19 per cent induced growth

Ferreira identified another source of growth in the non-residential sector – induced growth created by those federal-provincial housing initiatives.

BuildForce modelling suggests increased demand for infrastructure created by the supplemental housing construction will prompt labour force growth in the non-residential sector of about 19 per cent.

By 2033, the industry’s overall hiring requirements are expected to reach 351,800 due to the retirement of approximately 263,400 workers, or 21 per cent of the current labour force, and growth in worker demand of more than 88,000.

Based on historical trends, Canada’s construction industry is expected to draw an estimated 266,300 first-time entrants aged 30 and younger, leaving the industry with a possible retirement-recruitment gap of 85,500 workers.
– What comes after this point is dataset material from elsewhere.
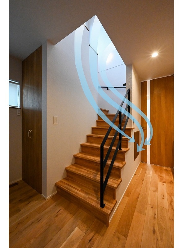1/1階の階段横に配置した壁ガラリ。2階から下りてくる空気を床下に戻し、上昇する空気とのバランスをとる役割を果たしている。
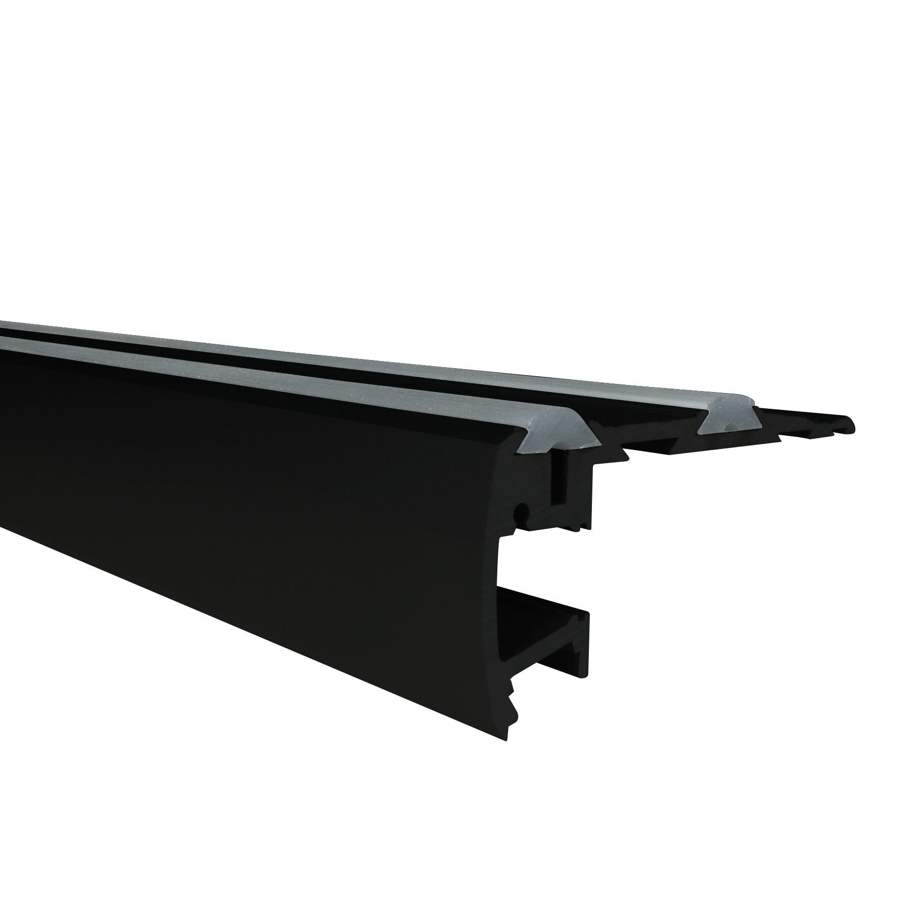 Profil STEP noir mat 1m. Walkover : Oui. Driveover : non. Mode de pose/installation : nez de marche. Type de fixation : se visse sur le support

The report notes women accounted for just five per cent of the onsite construction workforce in 2023, although their numbers are rising in the broader construction workforce. Ferreira said concerted efforts from all players have begun to address the broader recruitment gap as well as the deficit of workers from underrepresented demographics.

“We continue to see rising new entrants, and that really does speak to not only the collective efforts of the industry to draw more people into the trades, but also the efforts of governments to help the industry through a number of support programs, the Canadian Apprenticeship Service being one at a federal level,” he said.